# Atlas Clausing model 111



## tsd63 (Jun 14, 2020)

I've just bought an Atlas Clausing model 111 out of an old barn. One of the main things I need is a new split nut. Clausing doesn't have any and do not have the print anymore. I've found them for a lot of machines but not for the 100 series. I can make new ones but the parts out of it have been half assed repaired and are not even close to fitting right. Anybody ever make a sketch of theirs.


----------



## wa5cab (Jun 14, 2020)

@tsd63,

What you have is a Clausing 111 that must have been made right after Atlas Press bought Clausing circa 1949/50.  Atlas changed the nameplates to say Atlas and then changed all of the model numbers.  The 100-3 became the 4800.  Then customer push-back reputably including some large order cancellations caused them to change the name on the nameplates back to Clausing.

Anyway, you will have a better chance of finding the parts that you need if you post in the Clausing Forum.  So in the next few minutes, I will move your thread over there.


----------



## WEL0058 (Aug 26, 2020)

Nice lathe.   Are you going to repaint it.  Make a good Project

By the way what is the serial number?  It is stamped into the end of the lathe bed by the tail stock.
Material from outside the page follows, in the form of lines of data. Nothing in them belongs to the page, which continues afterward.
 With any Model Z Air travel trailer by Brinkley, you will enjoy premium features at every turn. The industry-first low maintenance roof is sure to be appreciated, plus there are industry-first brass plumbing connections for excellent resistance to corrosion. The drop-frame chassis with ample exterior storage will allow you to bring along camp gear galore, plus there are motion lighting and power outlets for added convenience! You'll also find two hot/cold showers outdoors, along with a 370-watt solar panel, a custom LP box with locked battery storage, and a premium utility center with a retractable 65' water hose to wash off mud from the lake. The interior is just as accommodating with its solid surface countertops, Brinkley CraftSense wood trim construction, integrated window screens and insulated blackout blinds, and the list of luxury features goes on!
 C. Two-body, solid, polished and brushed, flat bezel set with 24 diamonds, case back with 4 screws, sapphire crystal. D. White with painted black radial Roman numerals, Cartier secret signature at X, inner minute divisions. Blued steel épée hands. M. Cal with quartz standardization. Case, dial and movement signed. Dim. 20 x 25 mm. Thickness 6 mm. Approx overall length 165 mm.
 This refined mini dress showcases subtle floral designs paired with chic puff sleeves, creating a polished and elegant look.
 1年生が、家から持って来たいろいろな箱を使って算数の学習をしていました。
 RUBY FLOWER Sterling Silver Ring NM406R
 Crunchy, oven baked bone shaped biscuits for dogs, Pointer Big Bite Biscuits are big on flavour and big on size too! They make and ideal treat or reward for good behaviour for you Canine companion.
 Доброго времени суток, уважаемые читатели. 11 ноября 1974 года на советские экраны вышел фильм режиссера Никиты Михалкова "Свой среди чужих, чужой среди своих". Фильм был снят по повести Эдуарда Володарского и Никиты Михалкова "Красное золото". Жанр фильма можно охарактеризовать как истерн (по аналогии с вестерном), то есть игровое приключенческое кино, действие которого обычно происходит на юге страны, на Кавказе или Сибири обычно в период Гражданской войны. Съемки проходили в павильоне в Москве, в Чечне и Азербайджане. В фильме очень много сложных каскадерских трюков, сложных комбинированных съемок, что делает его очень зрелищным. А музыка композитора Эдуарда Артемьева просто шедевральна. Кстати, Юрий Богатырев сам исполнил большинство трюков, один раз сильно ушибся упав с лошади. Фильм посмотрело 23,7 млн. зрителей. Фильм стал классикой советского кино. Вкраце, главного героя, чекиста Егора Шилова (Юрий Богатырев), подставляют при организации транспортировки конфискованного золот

My lathe serial# is 5396 which was sold in 1946. Believe so of the casting where cast in 1945 due to imperfection.

Bob G.


----------



## tsd63 (Aug 30, 2020)

My serial is 7816. I've taken off the cross slide saddle and tailstock to clean the surface rust off the ways. Just a little WD40 and some kitchen scotch brite pads. Came right off. The cross slide lead screw and nut were ruined so thankfully they still make the nut and I pieced together a new left hand screw onto the old shaft. Removed all the gears from the head stock and unstuck the range gear that wouldn't move. 
Then went through the saddle gearbox and cleaned everything. The friction feed clutch must have been tightened with a wrench cause it was stuck bad. My first attempt at making split nuts were out of aluminium just to see if my measurements were right. I got the pins about .060 off center so I'll try that again later. I won't be turning threads anytime soon anyway. Ran some oil thru the spindle bearings while running slow to wash out the dirty stuff before adjusting them. Been cleaning and painting as I go along.  I've got a few pics I'll attach. Threw in a couple of pics of my Reid 618H that I'm going through. Had to make slide oiling rolls cause some were missing.


----------



## WEL0058 (Sep 22, 2020)

Any progress?

You mention needing split nut.  The person you want to talk to is Tom McNett.  He is the goto guy for vintage Clausing parts.  His email is:  TMcNett@clausingsc.com

I just ordered this split nut... Q-395 Split Nut 7/8” -8 tpi. $94

https://www.hobby-machinist.com/threads/my-clausing-100-mk-3-serial-5396.78622/post-779028

Duh - Your leadscrew is probably 3/4” - 8 tip.   Clausing had them in stock ten years ago.

Also bought crossfeed and compound lead screw nuts from this company.  Good fit...
https://bmpartstech.com/product-category/clausing-lathe-parts/


Bob G.


----------